What is being asked:
Find the line containing "Kyosuk Lee, Linda" in the entries below. Restate it and each line after it, word for word, up to and including the line containing "本身荣获:19年WHZB短距离鸽王全国9位魁夫兰 2053羽 1名分速".

Record extracts:
________________
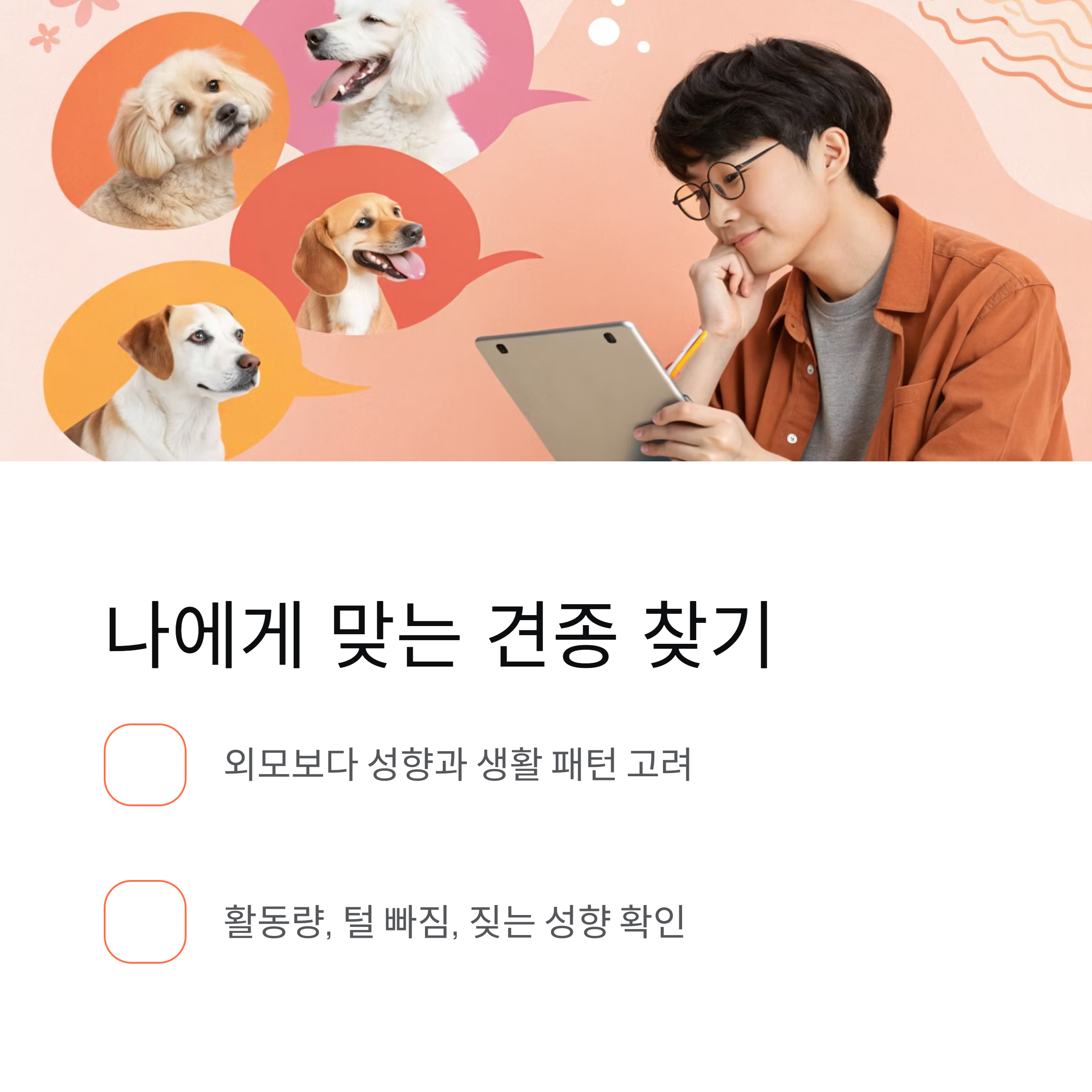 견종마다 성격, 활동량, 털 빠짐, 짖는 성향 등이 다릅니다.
________________
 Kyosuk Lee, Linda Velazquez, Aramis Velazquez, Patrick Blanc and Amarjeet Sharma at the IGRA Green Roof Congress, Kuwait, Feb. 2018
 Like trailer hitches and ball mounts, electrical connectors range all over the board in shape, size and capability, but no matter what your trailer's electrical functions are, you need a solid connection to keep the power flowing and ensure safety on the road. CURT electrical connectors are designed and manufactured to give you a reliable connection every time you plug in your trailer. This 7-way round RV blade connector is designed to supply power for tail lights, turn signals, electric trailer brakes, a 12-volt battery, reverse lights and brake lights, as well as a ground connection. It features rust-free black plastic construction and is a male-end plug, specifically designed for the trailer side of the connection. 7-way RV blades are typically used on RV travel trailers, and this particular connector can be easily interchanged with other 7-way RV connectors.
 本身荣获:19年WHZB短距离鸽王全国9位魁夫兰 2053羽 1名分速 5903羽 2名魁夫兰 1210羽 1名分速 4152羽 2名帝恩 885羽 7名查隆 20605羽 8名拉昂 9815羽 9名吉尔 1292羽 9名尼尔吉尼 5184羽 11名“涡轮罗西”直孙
________________
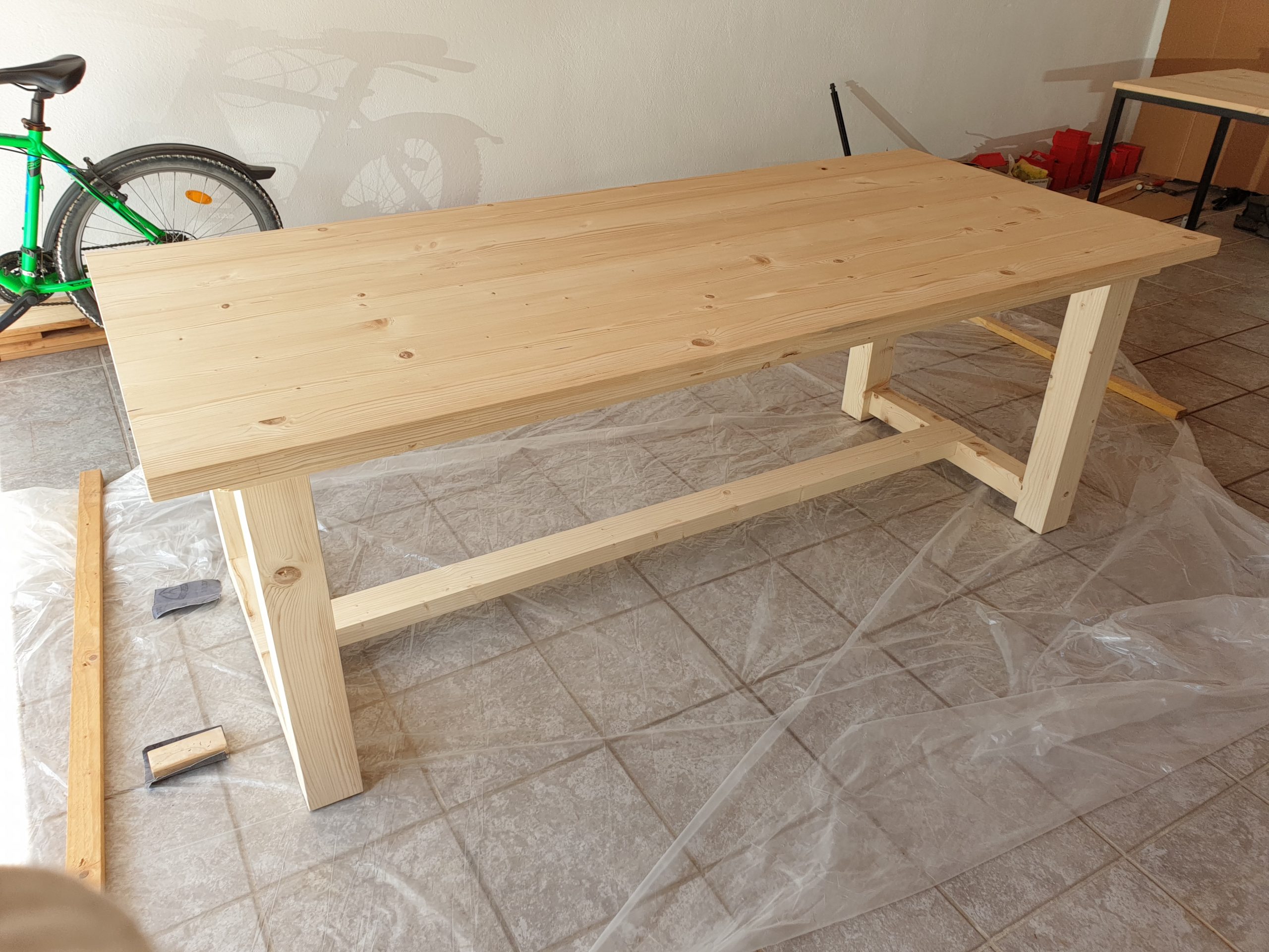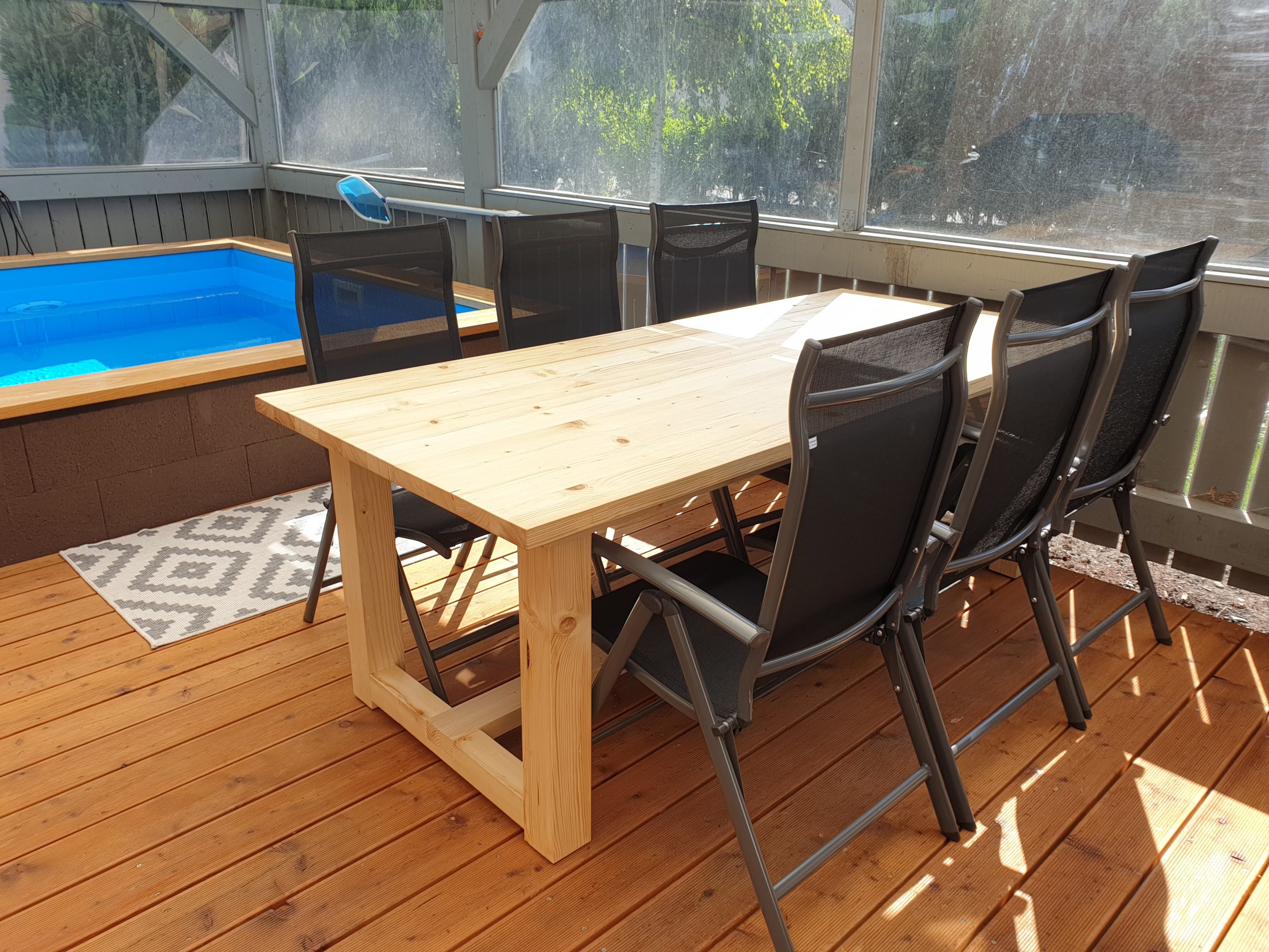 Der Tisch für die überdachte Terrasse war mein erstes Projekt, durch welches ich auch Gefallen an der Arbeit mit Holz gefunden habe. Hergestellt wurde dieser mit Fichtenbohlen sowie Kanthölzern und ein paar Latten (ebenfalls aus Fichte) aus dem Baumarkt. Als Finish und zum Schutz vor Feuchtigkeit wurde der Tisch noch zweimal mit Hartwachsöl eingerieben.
________________
Answer to the problem:
 Kyosuk Lee, Linda Velazquez, Aramis Velazquez, Patrick Blanc and Amarjeet Sharma at the IGRA Green Roof Congress, Kuwait, Feb. 2018
 Like trailer hitches and ball mounts, electrical connectors range all over the board in shape, size and capability, but no matter what your trailer's electrical functions are, you need a solid connection to keep the power flowing and ensure safety on the road. CURT electrical connectors are designed and manufactured to give you a reliable connection every time you plug in your trailer. This 7-way round RV blade connector is designed to supply power for tail lights, turn signals, electric trailer brakes, a 12-volt battery, reverse lights and brake lights, as well as a ground connection. It features rust-free black plastic construction and is a male-end plug, specifically designed for the trailer side of the connection. 7-way RV blades are typically used on RV travel trailers, and this particular connector can be easily interchanged with other 7-way RV connectors.
 本身荣获:19年WHZB短距离鸽王全国9位魁夫兰 2053羽 1名分速 5903羽 2名魁夫兰 1210羽 1名分速 4152羽 2名帝恩 885羽 7名查隆 20605羽 8名拉昂 9815羽 9名吉尔 1292羽 9名尼尔吉尼 5184羽 11名“涡轮罗西”直孙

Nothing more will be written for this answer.